Clip description
Robert Hughes describes the long hard slog of writing. He says that all his books, except for The Culture of Complaint (1993), would never have been written if he’d known what was ahead of him when he first sat down to write. Only the truly mediocre have absolutely no doubts about their work.
Curator’s notes
Robert Hughes reflects that his own book about Australian art and artists, The Art of Australia (1966), written in his twenties, could only have been created by the precocious young man he was at that time. In the book he boldly criticised William Dobell in comparison with European masters, even though he, Hughes, had still not left Australia and had seen only the very few European masters in Australian art galleries. This book set the pattern of the many that followed; serious, opinionated, intellectual and highly readable.

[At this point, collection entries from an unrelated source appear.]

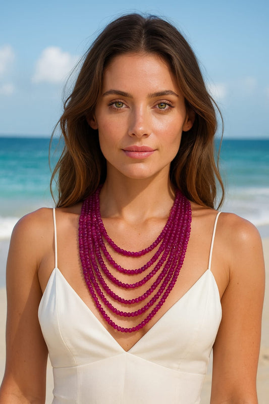 Antique Maroon Five Layered Beaded Mala For Women and Girl
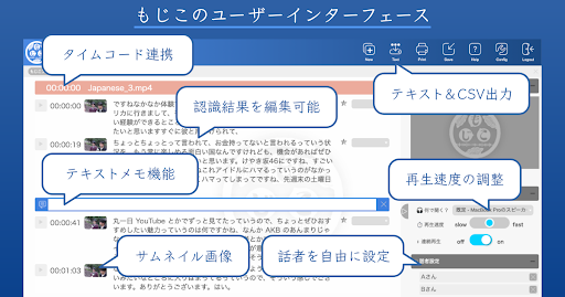 また、番組制作の現場での利用を前提に、タイムコードとの連携・サムネイル画像の表示・話者の設定・メモの挿入などの機能も搭載しており、どなたでも直感的に簡単に操作ができます。
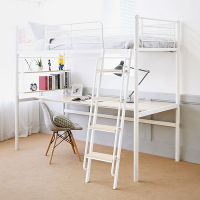 일루일루 코모드i 올인원 책상형 벙커침대 프레임 철제 수납 선반 성인 학생 2층, 아이보리
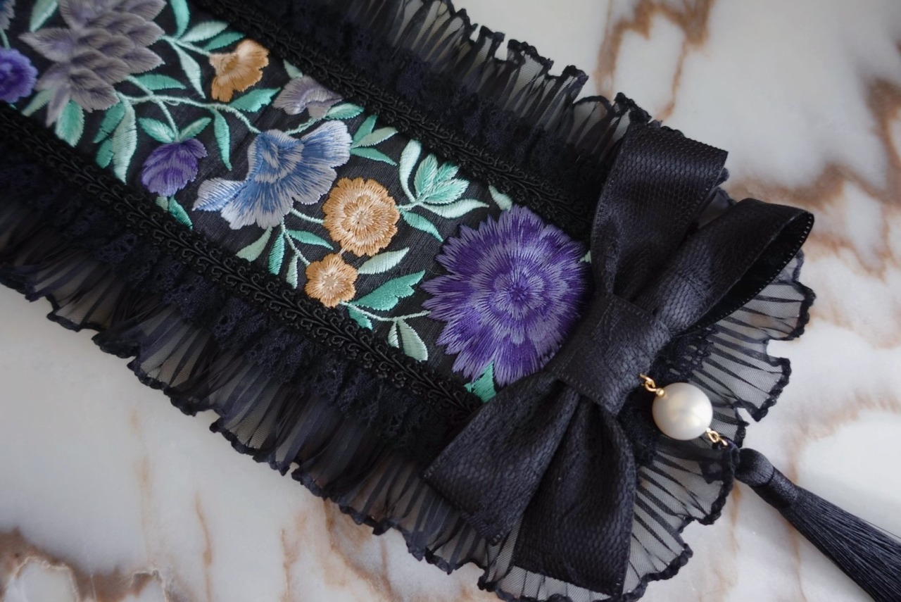ベージュとブラックで使用しているレースやタッセルなど素材が少しずつ違います。
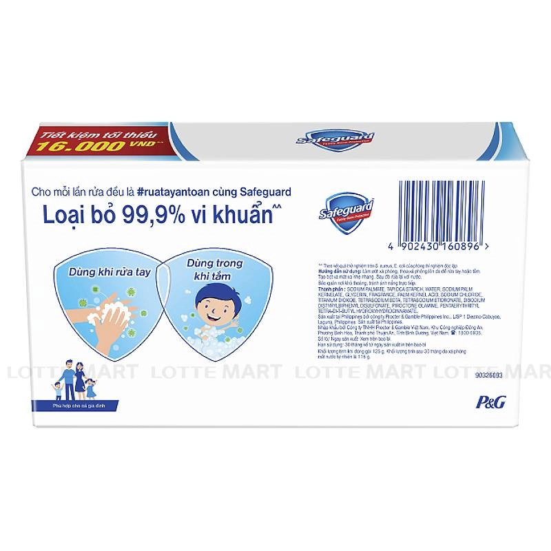 Lốc 3 Xà Bông Cục Safeguard Trắng Tinh Khiết 130G
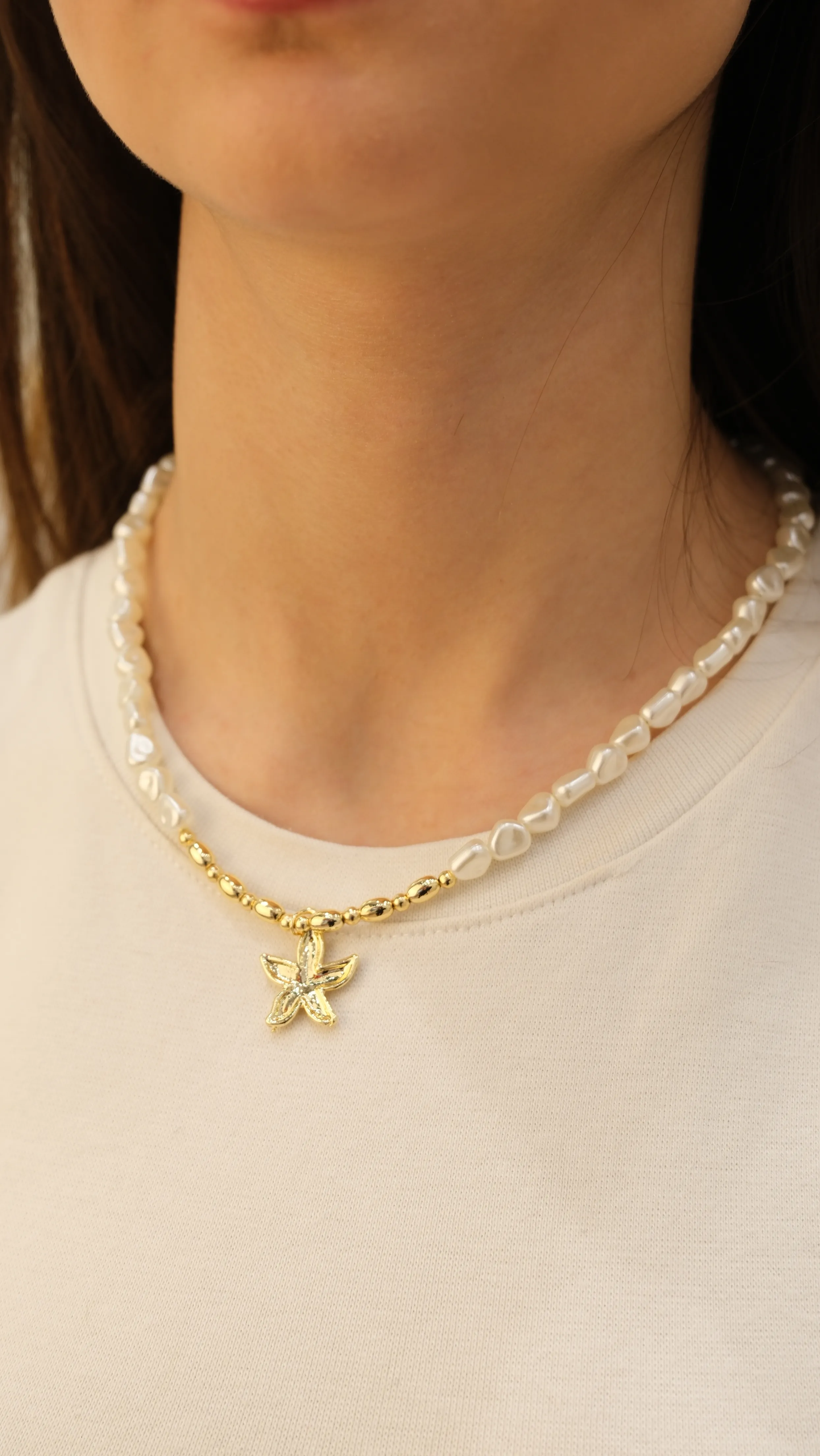 Gold Topçuk Detaylı Üçlü Görünüm Boncuk Kolye - 1

Robert Hughes was part of what became known as the Australian expatriate movement, by which the Australian and British press usually refer to Robert Hughes, Clive James, Barry Humphries and Germaine Greer. Journalists conveniently forget the long history of Australian writers, painters and performers leaving their homeland for the wider world in their desire to be at the top of their chosen profession. People like Nellie Melba and Alan Moorehead, for example, had long preceded Robert Hughes and his cohorts.
In Robert Hughes’s writing, as in this interview, there is a sense of the sheer excitement and energy of his prose. He’s also blisteringly honest about the amount of sheer hard work involved in writing. He tells Stretton that Cézanne himself, the great genius of modern art, was always full of self-doubt about his work.